+++ Data section +++

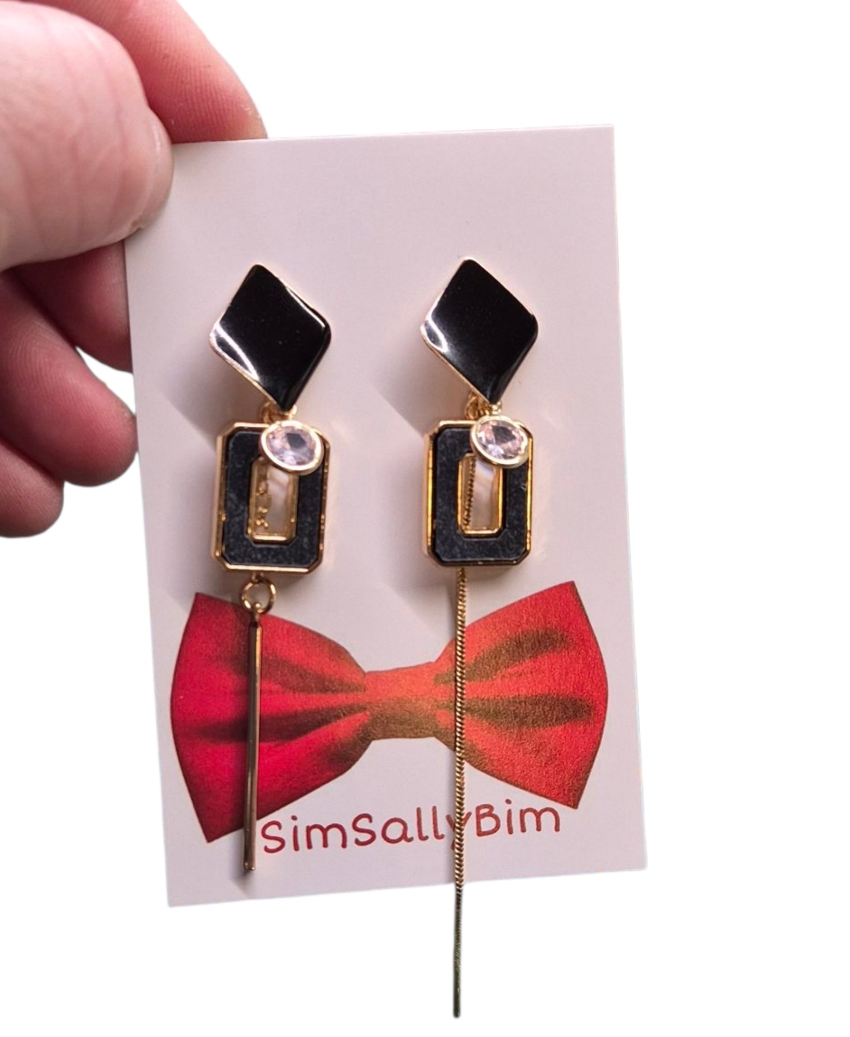 Mooie goudkleurige verschillende oorbelletjes met zwarte en goudkleurige langste oorbel is 10cm
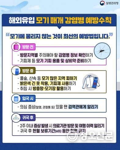 해외여행 시에는 긴 옷 착용, 모기 기피제 사용, 방충망·모기장 설치 확인 등 모기 회피 수칙을 지켜야 한다.
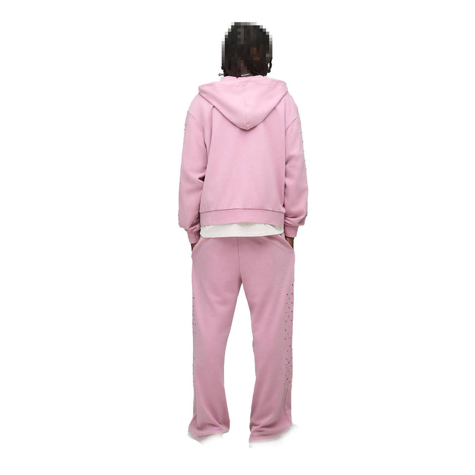 Men's Pink Fleece Hoodie Jogger Set with Micro Stud Detailing Zip Front Hooded Tracksuit for OEM Wholesale

+++

_Required work_: Reproduce the material above in full, exactly, with no images.

_Result of the exercise_:
 Mooie goudkleurige verschillende oorbelletjes met zwarte en goudkleurige langste oorbel is 10cm
 해외여행 시에는 긴 옷 착용, 모기 기피제 사용, 방충망·모기장 설치 확인 등 모기 회피 수칙을 지켜야 한다.
 Men's Pink Fleece Hoodie Jogger Set with Micro Stud Detailing Zip Front Hooded Tracksuit for OEM Wholesale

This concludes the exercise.